* [Exercise] Exact repetition of a range: find the line containing "Петли четырехшарнирные 45" and the line containing "Ведомство рекомендует также" in the material below, then repeat both and all lines between them, leaving pictures out.

* [Data for processing]
-- Opening Marker --
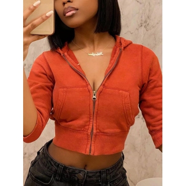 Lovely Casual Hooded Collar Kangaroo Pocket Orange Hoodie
-- Closing Marker --
-- Opening Marker --
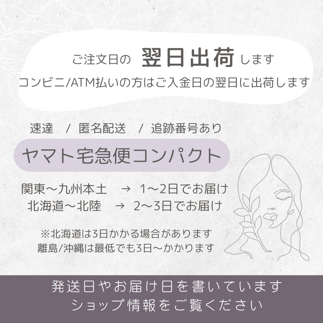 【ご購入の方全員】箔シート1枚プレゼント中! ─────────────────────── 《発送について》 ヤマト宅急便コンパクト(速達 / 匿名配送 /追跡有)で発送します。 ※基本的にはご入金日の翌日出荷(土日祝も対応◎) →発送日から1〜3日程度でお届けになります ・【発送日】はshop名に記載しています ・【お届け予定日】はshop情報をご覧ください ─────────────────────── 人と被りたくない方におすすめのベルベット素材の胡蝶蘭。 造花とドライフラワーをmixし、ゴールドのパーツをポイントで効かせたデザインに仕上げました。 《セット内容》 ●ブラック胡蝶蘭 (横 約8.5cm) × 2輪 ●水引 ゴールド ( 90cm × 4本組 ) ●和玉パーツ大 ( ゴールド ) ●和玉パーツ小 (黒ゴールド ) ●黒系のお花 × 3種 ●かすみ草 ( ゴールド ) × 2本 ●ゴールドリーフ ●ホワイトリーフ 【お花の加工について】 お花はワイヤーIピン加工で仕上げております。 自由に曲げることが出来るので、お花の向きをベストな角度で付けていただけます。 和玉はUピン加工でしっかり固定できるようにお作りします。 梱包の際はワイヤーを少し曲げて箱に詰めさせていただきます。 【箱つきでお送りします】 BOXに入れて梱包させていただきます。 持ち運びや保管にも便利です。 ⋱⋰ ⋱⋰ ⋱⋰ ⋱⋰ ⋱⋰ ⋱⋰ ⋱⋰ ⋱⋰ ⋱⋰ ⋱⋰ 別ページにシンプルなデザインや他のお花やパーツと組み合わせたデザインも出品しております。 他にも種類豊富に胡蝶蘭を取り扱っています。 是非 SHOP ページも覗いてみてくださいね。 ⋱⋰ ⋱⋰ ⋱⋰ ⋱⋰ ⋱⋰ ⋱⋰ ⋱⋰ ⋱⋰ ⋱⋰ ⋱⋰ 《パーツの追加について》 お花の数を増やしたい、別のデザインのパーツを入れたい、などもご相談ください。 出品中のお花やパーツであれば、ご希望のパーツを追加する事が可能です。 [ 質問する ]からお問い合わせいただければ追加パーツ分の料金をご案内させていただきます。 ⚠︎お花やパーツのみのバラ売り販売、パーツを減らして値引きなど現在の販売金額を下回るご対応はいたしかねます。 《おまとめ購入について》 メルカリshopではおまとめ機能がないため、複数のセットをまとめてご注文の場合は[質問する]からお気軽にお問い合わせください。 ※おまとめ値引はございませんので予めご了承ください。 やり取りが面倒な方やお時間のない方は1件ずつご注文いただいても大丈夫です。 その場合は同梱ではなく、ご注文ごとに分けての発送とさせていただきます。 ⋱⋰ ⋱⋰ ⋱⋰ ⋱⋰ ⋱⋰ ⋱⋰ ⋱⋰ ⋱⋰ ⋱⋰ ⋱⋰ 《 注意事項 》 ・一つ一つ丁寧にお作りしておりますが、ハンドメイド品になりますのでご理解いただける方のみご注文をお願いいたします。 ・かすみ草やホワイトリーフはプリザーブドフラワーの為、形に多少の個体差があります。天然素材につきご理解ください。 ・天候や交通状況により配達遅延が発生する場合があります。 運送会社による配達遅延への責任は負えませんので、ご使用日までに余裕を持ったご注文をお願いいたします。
-- Closing Marker --
-- Opening Marker --
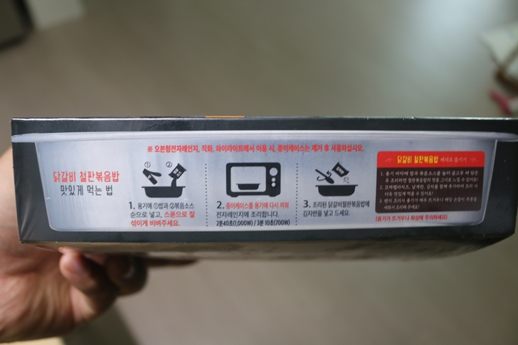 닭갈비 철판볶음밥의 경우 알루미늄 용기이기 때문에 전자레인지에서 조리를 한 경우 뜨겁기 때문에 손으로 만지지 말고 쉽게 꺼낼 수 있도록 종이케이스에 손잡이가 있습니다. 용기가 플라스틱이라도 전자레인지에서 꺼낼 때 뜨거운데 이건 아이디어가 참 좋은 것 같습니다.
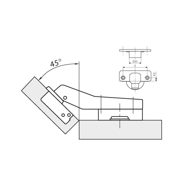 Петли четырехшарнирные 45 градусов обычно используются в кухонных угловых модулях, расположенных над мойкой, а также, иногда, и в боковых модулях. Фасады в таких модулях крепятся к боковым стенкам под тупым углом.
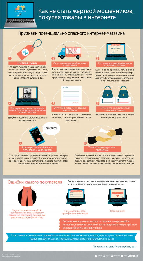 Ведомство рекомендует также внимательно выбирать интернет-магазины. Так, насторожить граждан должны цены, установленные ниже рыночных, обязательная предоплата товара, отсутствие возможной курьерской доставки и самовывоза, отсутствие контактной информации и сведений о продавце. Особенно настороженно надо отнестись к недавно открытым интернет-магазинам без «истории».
-- Closing Marker --
* [Exercise output]
 Петли четырехшарнирные 45 градусов обычно используются в кухонных угловых модулях, расположенных над мойкой, а также, иногда, и в боковых модулях. Фасады в таких модулях крепятся к боковым стенкам под тупым углом.
 Ведомство рекомендует также внимательно выбирать интернет-магазины. Так, насторожить граждан должны цены, установленные ниже рыночных, обязательная предоплата товара, отсутствие возможной курьерской доставки и самовывоза, отсутствие контактной информации и сведений о продавце. Особенно настороженно надо отнестись к недавно открытым интернет-магазинам без «истории».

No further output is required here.